On average, 1500 croissants a week are made, along with 500 loaves of French bread. During the week, the traditional products are the mainstay. By the weekend, the speciality items like my goat's cheese croissant and the olive and rosemary bread take centre stage.
Whilst you will also find specialities such as the epic looking striped Nutella croissant and the pistachio and chocolate, there's also the ham and cheese variety to even out the sweetness. There's plenty of chocolate inspiration here too with the classic Pain au Chocolat and chocolate and coconut croissants.
For a touch of silky-smooth decadence try the custard filled croissant.
Also popular is the range of quiches, made with perfect French pastry. They can also be made in larger sizes (pre-order only). Amandine tarts, with a soft filling based on almond meal, are made with a variety of seasonal fruit.
Custard and fruit-filled danishes offer another different option to the croissants.
Bread is kept simple with small and large batards, both white and grain and baguettes. With a soft but chewy crust and an inside that is light and actually tastes like bread, the baguettes are truly amazing. Weekend specialities like the olive and rosemary pop up too.
Never content to keep the status quo when it comes to his products, Christian’s mind is always a blend of new ideas and thoughts. A smell, a flavour, a new dish he might eat somewhere, all provide inspiration. These thoughts are taken to his kitchen where testing and experimentation is a frequent practice.
The profiterole shaped KA (Kouign-Amann)is a perfect example. Originally from the Breton (Brittany) region of France, this buttery, sugary item is not something you'll find easily in Australia.
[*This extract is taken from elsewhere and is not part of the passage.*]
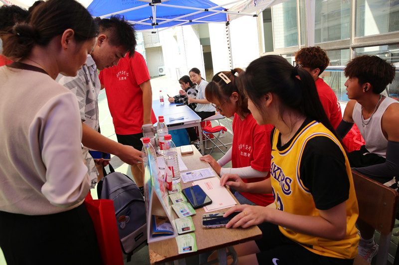 在新生报到处,学长学姐们始终耐心倾听新生的诉求并积极给与帮助,充分体现体院对新生同学的关怀。

As a small business, they face the usual challenges of trying to manage costs, and keep their product affordable for their customer, whilst always maintaining quality. “Christian is a perfectionist”, muses Virginie, and I can see this in the way in which he talks about the production process. “I can tell if a croissant is perfect by holding it in my hand”, he says.
They are also starting to dip their toes into catering and wholesale, although the size of their team and their limited time means this will ultimately be a longer-term strategy. Those locations that they do supply to is done with careful consideration, ensuring that their brand and quality of their product is not diminished through outsourcing.
The trends in the market, the preferences of his customers and his never-ending quest for perfection and innovation will continue to inform and influence Christian’s creativity. Will it be a Kouign-Amann filled with custard? Will he create an entirely new line that we haven’t seen the likes of before? Having been in business for only two years, Gold Layers has carved out its name as one of the best French bakeries in Brisbane.
Personally, I think it could be the best. It has become a destination for me when I want authentic French croissants, pastries and bread. Hopefully, the locals in Kangaroo Point, proud that this gem is in their neighbourhood won't mind.